Но желания велики, а крылья слабы. Часто умственное бессилие наводило

на меня глубокую тоску, часто мучился я недоверчивостью и сомнением и тем

более скрывал мою тайну.

Вот пронесся слух о путешествии государя наследника и что ваше

превосходительство находитесь в свите. Наш город пробудился: все

приготовлялось. Я тоже не был в бездействии: я решился сделать себе насилие,

преодолеть робость. Пересмотрел мои опыты, собрал все, что находил из них

лучшего, поправил, переписал и пошел с тетрадью к вашему превосходительству,

как только вы приехали. Мог ли я сделать лучше? Я нес подарок мой со

смятением, но поддерживался, утешался мыслию, что услышу правду и верный

приговор себе.

И ваше превосходительство признали во мне способности. Это для меня

крайне утешительно и лестно. Вы с добродушием тогда спросили: чего бы я мог

желать себе? Конечно, если действительно существует во мне что-нибудь

похожее на природные дарования, я желал бы обработать их, воспитать

способности учением, распространить силы познаниями. Но где средства?

И вот я в Петербурге. Не за тем ли я сюда явился, чтобы решить задачу

жизни, начать новый период? Но как осуществить надежды, сделать поворот?

Средства учения здесь существуют, надобно приняться за все, потому что ничего

не знаю. <...>

В таких обстоятельствах, к исполнению моего желания и вашей воли,

существует разве один способ, одно средство: надобно искать такого рода

службы, при которой бы, с отправлением обязанности, соразмерной моим

способностям, я мог иметь время для учения. Ваше превосходительство с редким

добродушием вызвались принять участие в этом.

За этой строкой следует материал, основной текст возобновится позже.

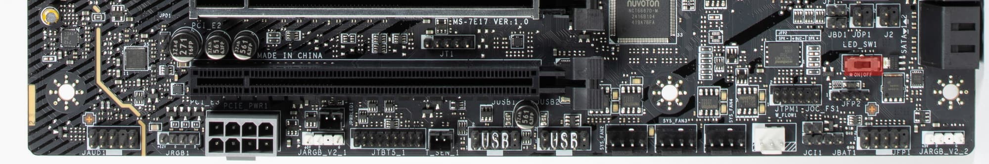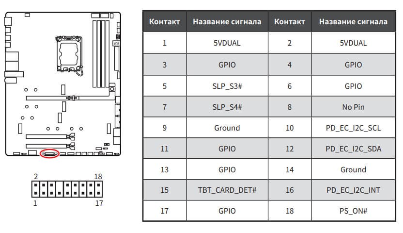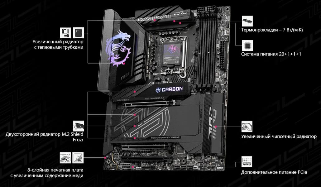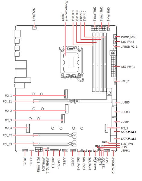 | Прочие внутренние элементы | 24-контактный разъем питания ATX 2 8-контактный разъем питания EPS12V 1 8-контактный разъем питания PCIe 1 слот M.2 (E-key), занят адаптером беспроводных сетей 1 разъем для подключения порта USB 3.2 Gen2x2 Type-C 2 разъема для подключения 4 портов USB 3.2 Gen1 2 разъема для подключения 4 портов USB 2.0 7 разъемов для подключения 4-контактных вентиляторов и помп ЖСО 3 разъема для подключения адресуемой ARGB-ленты 1 разъем для подключения неадресуемой RGB-ленты 1 разъем аудио для передней панели корпуса 1 переключатель подсветки LED_SW 1 разъем для термодатчиков 1 переключатель JOC_FS для загрузки со сниженными параметрами CPU 1 разъем для подключение дискретных карт Thunderbolt5 1 разъем для подключение систем безопасности TPM 1 разъем для подключения управления с передней панели корпуса 1 разъем для подключение проприетарных систем охлаждения от MSI 1 разъем WFLOW для контроля потока жидкости в кастомных СЖО |

Вы заботитесь обо мне,

занимаетесь моей судьбою. Это сильно меня трогает и смущает, потому что прав

мало имею. <...>

Ваше превосходительство лучше знает, что для меня нужно. Если мои

способности возбуждают внимание, если от них можно чего-нибудь надеяться,

прошу вашего участия: доставьте мне место, где бы, исполняя свою обязанность,

я мог иметь книги и время. Благодарить вас иначе не буду в силах, как усердным

стремлением достигнуть успехов и оправдать благодеяние.

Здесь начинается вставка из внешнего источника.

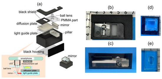 The configuration of the optical immunosensing unit. (a) The structure of the optical device and the attachment for the LED light source. Photographs show the optical unit from (b) the top view and (c) a cross-sectional view. Photographs show (d) the attachment for the smartphone LEDs and (e) the measurement cell.
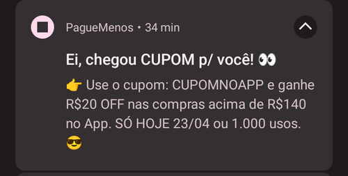 R$20 de desconto em compras acima de R$140,00 - PAGUE MENOS

Теперь сказано все. Я открылся вашему превосходительству с

чистосердечием ребенка, объяснил все обстоятельства, не утаив тревоги, которая

наполнила душу при соображении моей судьбы. Вопрос так меня затруднил,

столько внушил мне странного и грустного, что я смеялся над собой и плакал.

Плакал и говорил: "Господи, помоги мне, грешному! Может быть, я ложно

усиливаюсь, может быть, увлекся я мечтательным своим воображением: исцели

меня от болезни ума!" И долго не мог собрать моих мыслей, не зная, на что

решиться, искал слов и не умел, с чего начать историю, как приступить к

объяснению. Это тем более меня смущало, что я еще не принимался за прозу,

кроме канцелярской: вырабатывал единственно стих".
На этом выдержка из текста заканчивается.